For a moment that seemed to soothe the gwerbret; then he frowned as if he were thinking something through.
“Where is Rhodry?”
“On his way home, Your Grace.”
“Ah.” He paused a little while, panting, gathering breath, his ribs heaving under the fine wool coverlets. “He’s not back yet, is he now? Cursed young cub. He shan’t have what’s mine, not yet.”
“Rhys, please!” Lovyan’s voice shook with tears. “Can’t you forgive him?”
Rhys turned his head toward her, and the look in his eyes was one of weary contempt, as if he were wondering how she could possibly misunderstand something so obvious. Suddenly he coughed, a choking gurgle, and spasmed, his back arching as he fought for air. Nevyn grabbed him, slid an arm under his shoulders, and supported him until he spat the blood-tinged gobbet of phlegm out. Rhys’s eyes sought out Lovyan’s face.
“But, Mam,” he whispered, “it was mine. Truly it was.”
Then he was gone, with one last ripple of spasming, a cough that never quite came. By the door Madronna threw her head back and howled in agony, keened over and over until Lovyan rushed to her and threw her arms around her to let her sob. Although the tieryn’s face ran with tears, she was silent. Nevyn closed Rhys’s eyes and crossed his arms over his shattered chest.

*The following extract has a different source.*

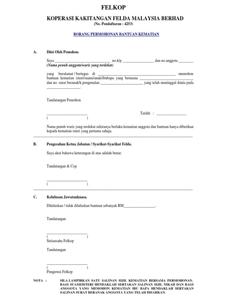 13 Borang Bantuan Kematian Felkop

“May peace be yours in the Otherlands, Your Grace,” he whispered, so softly that the women couldn’t hear him. “But I have the ghastly feeling that your hatred won’t let you rest.”

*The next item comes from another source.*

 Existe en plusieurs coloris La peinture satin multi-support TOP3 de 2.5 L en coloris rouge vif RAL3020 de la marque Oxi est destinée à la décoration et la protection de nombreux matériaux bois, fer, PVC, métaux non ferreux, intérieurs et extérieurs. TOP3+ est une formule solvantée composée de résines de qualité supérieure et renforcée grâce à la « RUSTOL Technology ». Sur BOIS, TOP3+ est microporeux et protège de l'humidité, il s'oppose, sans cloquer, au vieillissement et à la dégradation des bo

He left the women to their grief and went down to the great hall. At least he could make the formal announcement and spare Lovyan that grim duty. As he was walking up to the honor table he remembered the herald and sent a page to wake him. Although several of the men called out to Nevyn in a friendly way, no one seemed to notice that he was grim, heartsick not so much for Rhys as for what his death meant to Aberwyn. They were all too busy celebrating Rhodry’s recall. Once the drowsy herald was present, Nevyn climbed up onto the honor table and yelled for silence. The hall went abruptly quiet, the warbands turning, apprehensive at last, as they waited for him to speak. Nevyn was in no mood for fine words.
“Gwerbret Rhys is dead.”
There was a collective suck and gasp of breath.
“Her Grace, Lovyan, Tieryn Dun Gwerbyn, is now regent for her younger son: Rhodry Maelwaedd, Gwerbret Aberwyn.”

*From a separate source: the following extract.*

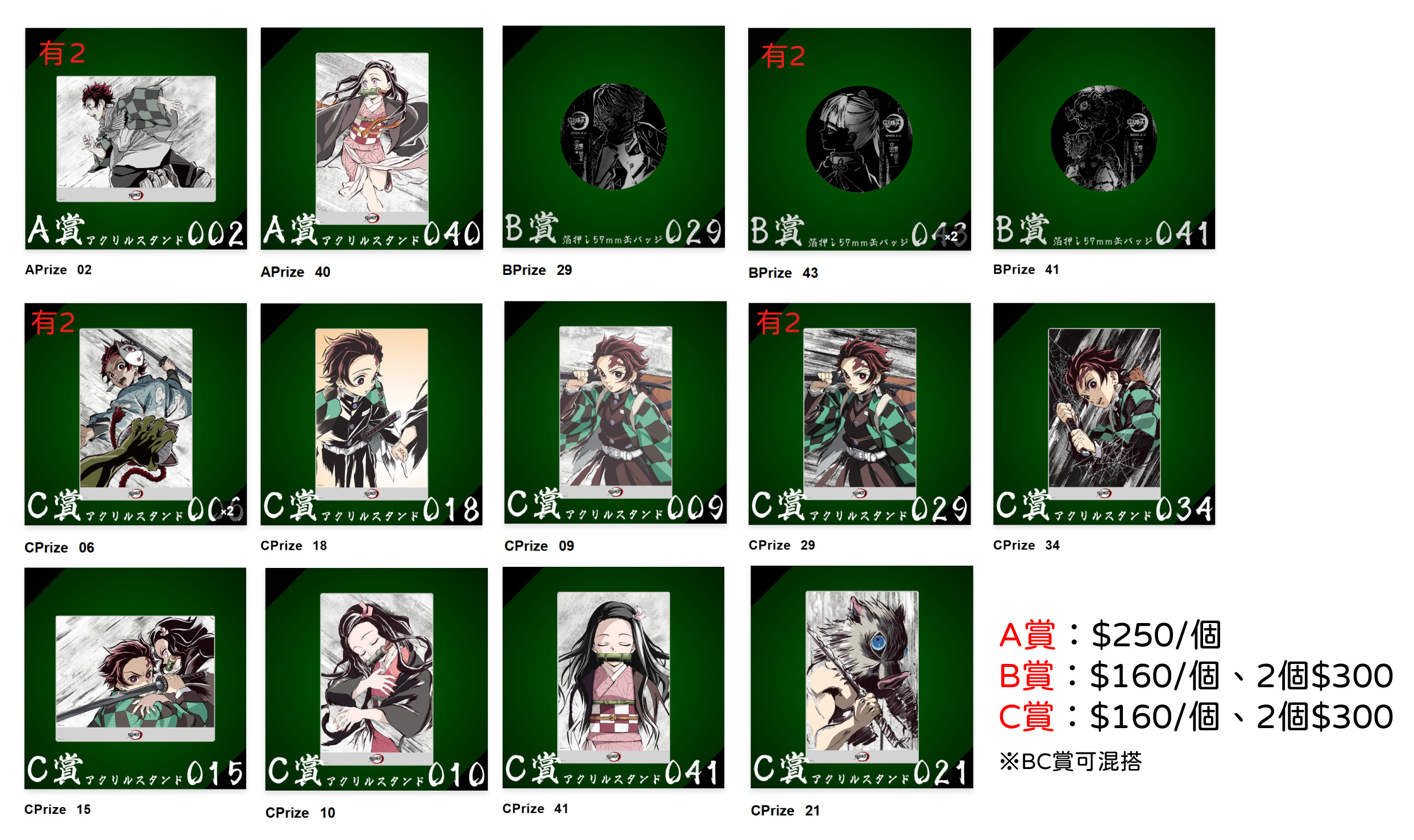 .A賞:$250/個 .B、C賞:$160/個、兩個$300

The sound was unmistakable, a would-be cheer cut off out of respect for the dead, laughter that vanished into coughs and mumbles, smiles that disappeared into looks of stricken shame. Poor Rhys, Nevyn thought; I think me I understand you a bit better now. Yet as he looked over the hall, he wondered with bitterness in his heart if Rhodry would ever sit in the gwerbretal chair, if his loyal warbands would ever see again the young lord that they loved.